MATERIAL SHOWN below:

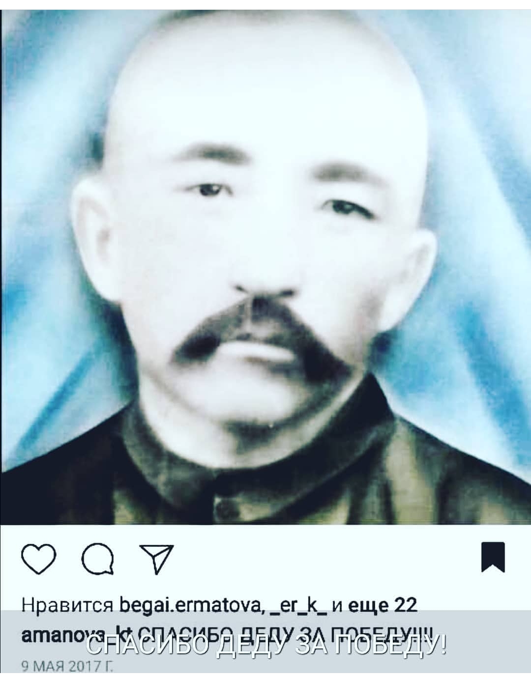 Мой дедушка Сасыкулов Курманкул в 18 лет ушёл служить на фронт, в августе 1941года. Он был снайпером, участвовал во многих боевых действиях, получил множество наград . Воевал до победного, вернулся с победой и пулевым ранением в руку. Спасибо нашим ветераном ВОВ, за отвагу, мужество и мирное небо над головой. Мы помним и гордимся!
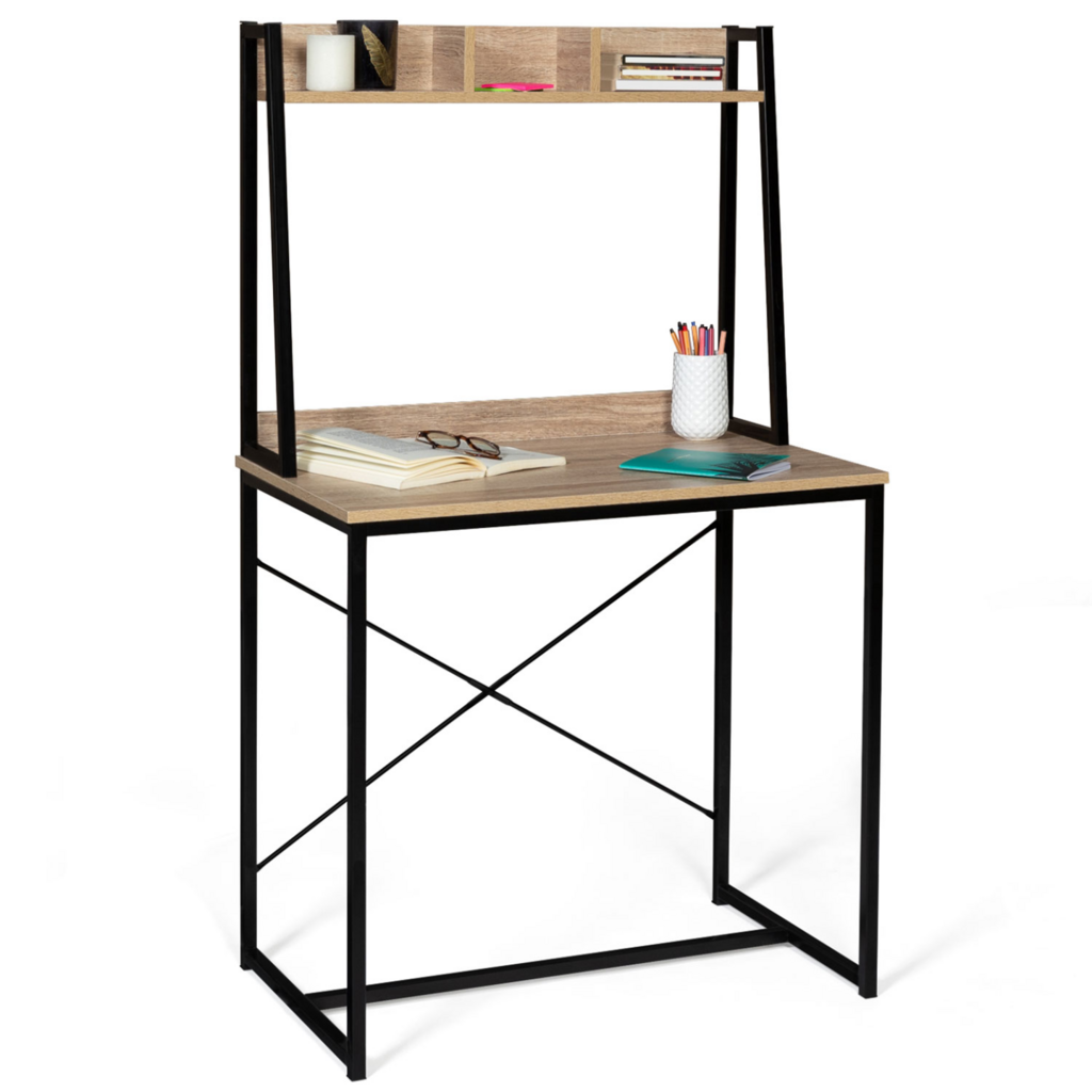Descriptif du bureau étagère droit DETROIT design industrielFaites place au style industriel avec le bureau étagère droit DETROIT bi-matière en bois et métal. Ses lignes sobres et son style épuré donneront à votre intérieur un aspect loft du meilleur effet !Avec son coloris bois et ses matériaux bruts, votre bureau trouvera facilement sa place chez vous car vous pourrez l'intégrer à différents styles d'intérieurs en renforçant le côté loft ou en donnant un peu de chaleur à son design.Le bureau bois métal industriel est doté d'un plateau très pratique en particules de bois d'une longueur de 80 cm sur 48 cm de largeur. Il est optimal pour travailler confortablement, disposer vos pots à crayons, trier vos documents sans gêne et installer votre poste d'ordinateur sur l'espace de travail.Conçu tout en hauteur, ce bureau compact et gain de place s'intégrera aisément à une chambre ou un salon sans encombrer votre pièce !Fonctionnel, grâce à sa longue étagère en bois disposant de 3 niches vous pourrez facilement ranger vos fournitures de bureau, disposer vos objets de décoration favoris et laisser libre votre espace de travail sur le bureau !Le plateau de 1,5 cm d'épaisseur est soutenu par une structure métallique qui vous assure solidité et stabilité au quotidien. Laissez entrer le style industriel si tendance dans votre intérieur avec notre bureau bi-matière en métal et bois !Pratique et déco, ce meuble modernisera votre salon, chambre ou bureau et facilitera le rangement de votre espace de travail !Dimensions du bureau étagère droit DETROIT design industrielDimensions totales du bureau : Longueur 80 cm x largeur 48 cm x Hauteur 137 cmDimensions de l'étagère : Longueur 75 cm x Profondeur 12,5 cm x Hauteur 9,5 cmLongueur de chaque niche : 27 / 18 / 27 cmEspace entre le plateau et l'étagère : 51,5 cmHauteur rebord au fond du plateau : 6 cmHauteur plateau : 75 cmPlateaux en particules de bois : épaisseur 1,5 cmA associer par exemple avec nos chaises SARA noires.Découvrez également l'ensemble de nos bureaux ainsi que notre collection industrielle sur notre boutique en ligne !
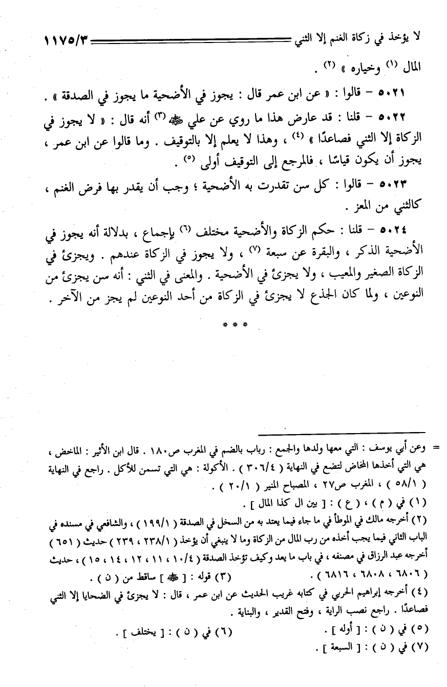 5023 - قالوا: كل سن تقدرت به الأضحية؛ وجب أن يقدر بها فرض الغنم، كالثني من المعز.
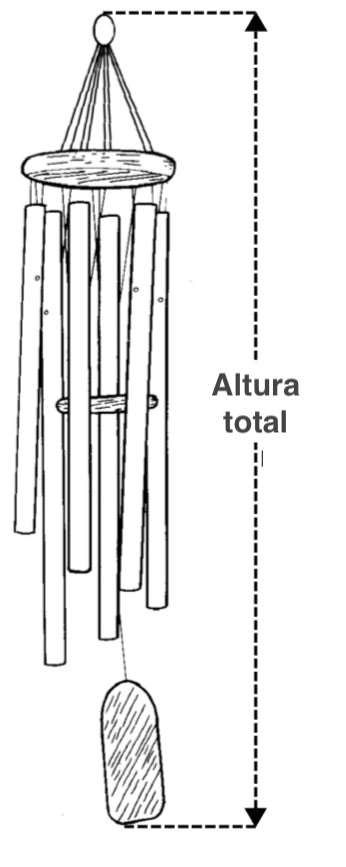 Esse sino é formado por 6 tubos de alumínio e mede 94 cm de altura total.
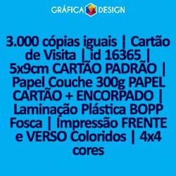 3.000 cópias iguais | Cartão de Visita | id 16365 | 5x9cm CARTÃO PADRÃO | Papel Couchê 300g PAPEL CARTÃO + ENCORPADO | Laminação Plástica BOPP Fosca | Impressão FRENTE e VERSO Coloridos | 4x4 cores
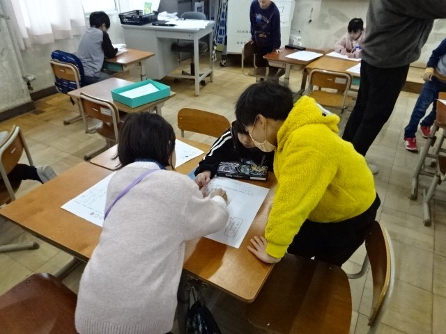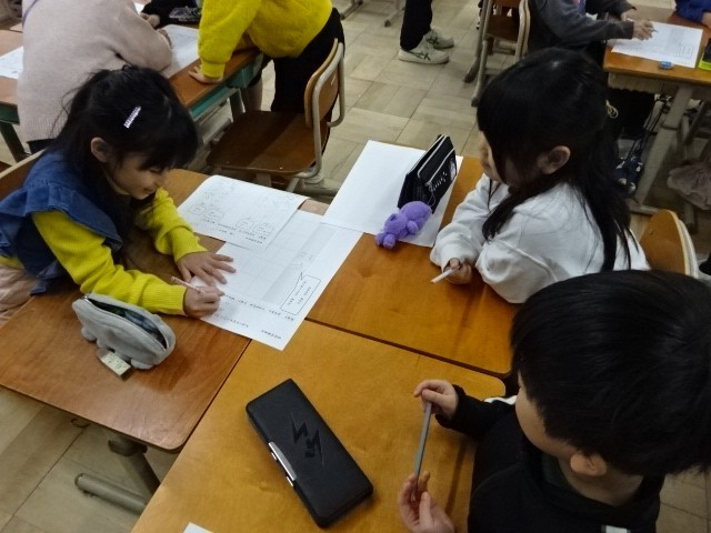 国語の学習での、話合い活動の場面です。少人数で友だちと意見交流をすることで、学習を深めていきます。1年生、頑張っています。

End of MATERIAL SHOWN.

■ EXERCISE BRIEF
The lines from the one containing "5023 - قالوا: كل" up to and including the last line of the material above are to be given again exactly; any pictures are dropped.

■ YOUR SOLUTION
 5023 - قالوا: كل سن تقدرت به الأضحية؛ وجب أن يقدر بها فرض الغنم، كالثني من المعز.
 Esse sino é formado por 6 tubos de alumínio e mede 94 cm de altura total.
 3.000 cópias iguais | Cartão de Visita | id 16365 | 5x9cm CARTÃO PADRÃO | Papel Couchê 300g PAPEL CARTÃO + ENCORPADO | Laminação Plástica BOPP Fosca | Impressão FRENTE e VERSO Coloridos | 4x4 cores
 国語の学習での、話合い活動の場面です。少人数で友だちと意見交流をすることで、学習を深めていきます。1年生、頑張っています。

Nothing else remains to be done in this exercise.